Source records:
**********
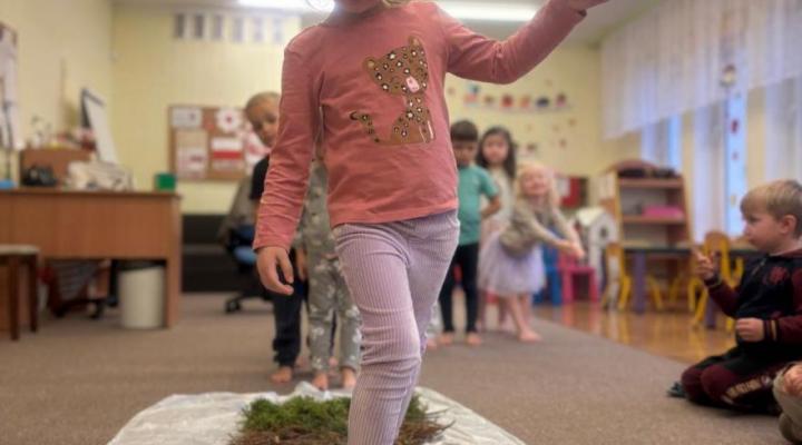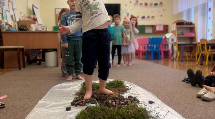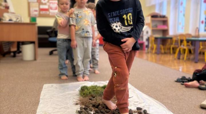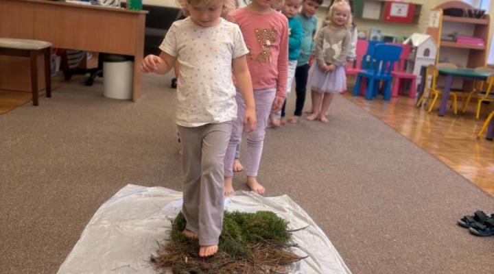 Jeżyki wykorzystały dary jesieni i stworzyły jesienną ścieżkę sensoryczną, która składała się z szyszek, kasztanów, liści, igieł sosny oraz mchu.
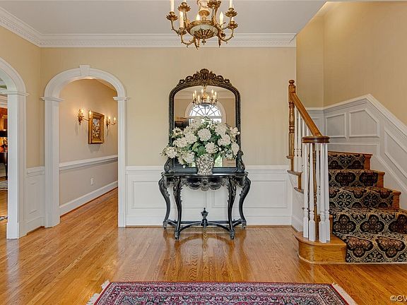 Elegant and timeless come to mind as you enter this 6 bedroom, 3 sided brick home, with walk out basement sited on .66 acres in FOXHALL! Colonial Homecrafters quality and exquisite millwork can be appreciated with the impressive trimmed arched doorways and paneled walls flanking multiple fireplaces. First floor highlights include designer Butler pantry, formal dining & stunning kitchen appointed with Prestige custom cabinetry, Wolf gas range, and massive island. Grand family room with built in bookcases! Massive screened porch with cathedral ceiling & gas fireplace. Second floor primary bedroom, sitting room, 2 walk in closets & luxurious bath. 3 additional bedrooms / 2 full baths plus large laundry room on 2nd floor. Third floor- 2 large bedrooms plus full bath & walk in attic access. Entertaining is a breeze in the grand basement with custom bar and masonry fireplace - open the doors to enjoy the stamped concrete terrace and professionally landscaped rear yard. Central vac, 3 car garage, irrigation, Surround sound. Approximately 250K in extras! Lot backs to Tuckahoe Creek full of wildlife. Foxhall tennis courts, clubhouse, & pool. Minutes from Short Pump eateries and mall.
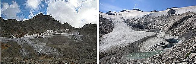 Se si considerano due dei più grandi ghiacciai italiani odierni, quello dell’Adamello nel gruppo montuoso omonimo e quello dei Forni nel gruppo Ortles-Cevedale, si constata che entrambi dalla metà del XIX secolo hanno perso circa la metà della loro superficie.
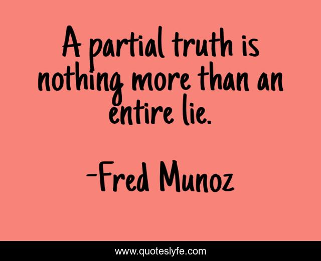 This page presents the quote "A partial truth is nothing more than an entire lie.". Author of this quote is Fred Munoz. This quote is about deception, dishonesty, truth, lie,.
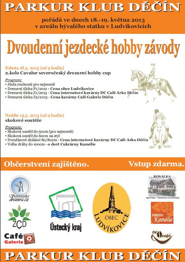 Parkur klub Děčín o.s. se sídlem v Ludvíkovicích (areál bývalého statku), pořádá ve dnech 18-19.5.2013 jezdecké hobby závody.
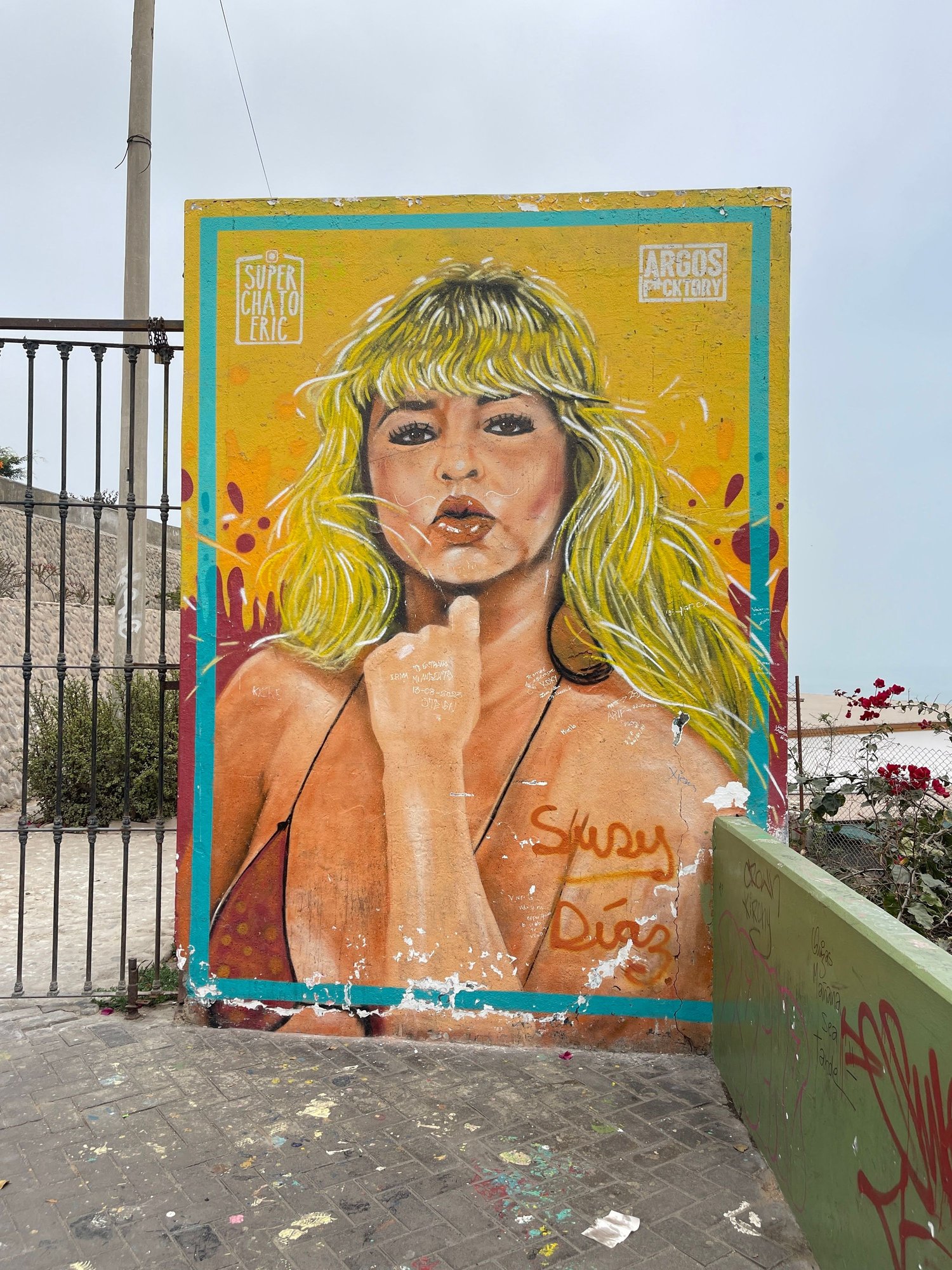 After Museo Pedro De Osma, we crossed the street, found the street to the Bajada de los Baños (Descent to the Baths/ Path to the Beach). We continued to the Bajada de los Baños (Descent of the Baths), passing through a lot of beautiful street art on the walls, colorful shops and galleries.
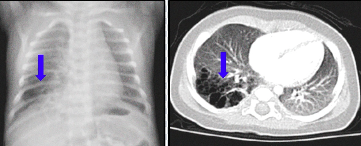 MAC3: mais graves com cistos grandes que podem afetar todo o lobo pulmonar afetado
**********
The expected output is the full data above, reproduced exactly with no images.

• SOLVED EXERCISE
 Jeżyki wykorzystały dary jesieni i stworzyły jesienną ścieżkę sensoryczną, która składała się z szyszek, kasztanów, liści, igieł sosny oraz mchu.
 Elegant and timeless come to mind as you enter this 6 bedroom, 3 sided brick home, with walk out basement sited on .66 acres in FOXHALL! Colonial Homecrafters quality and exquisite millwork can be appreciated with the impressive trimmed arched doorways and paneled walls flanking multiple fireplaces. First floor highlights include designer Butler pantry, formal dining & stunning kitchen appointed with Prestige custom cabinetry, Wolf gas range, and massive island. Grand family room with built in bookcases! Massive screened porch with cathedral ceiling & gas fireplace. Second floor primary bedroom, sitting room, 2 walk in closets & luxurious bath. 3 additional bedrooms / 2 full baths plus large laundry room on 2nd floor. Third floor- 2 large bedrooms plus full bath & walk in attic access. Entertaining is a breeze in the grand basement with custom bar and masonry fireplace - open the doors to enjoy the stamped concrete terrace and professionally landscaped rear yard. Central vac, 3 car garage, irrigation, Surround sound. Approximately 250K in extras! Lot backs to Tuckahoe Creek full of wildlife. Foxhall tennis courts, clubhouse, & pool. Minutes from Short Pump eateries and mall.
 Se si considerano due dei più grandi ghiacciai italiani odierni, quello dell’Adamello nel gruppo montuoso omonimo e quello dei Forni nel gruppo Ortles-Cevedale, si constata che entrambi dalla metà del XIX secolo hanno perso circa la metà della loro superficie.
 This page presents the quote "A partial truth is nothing more than an entire lie.". Author of this quote is Fred Munoz. This quote is about deception, dishonesty, truth, lie,.
 Parkur klub Děčín o.s. se sídlem v Ludvíkovicích (areál bývalého statku), pořádá ve dnech 18-19.5.2013 jezdecké hobby závody.
 After Museo Pedro De Osma, we crossed the street, found the street to the Bajada de los Baños (Descent to the Baths/ Path to the Beach). We continued to the Bajada de los Baños (Descent of the Baths), passing through a lot of beautiful street art on the walls, colorful shops and galleries.
 MAC3: mais graves com cistos grandes que podem afetar todo o lobo pulmonar afetado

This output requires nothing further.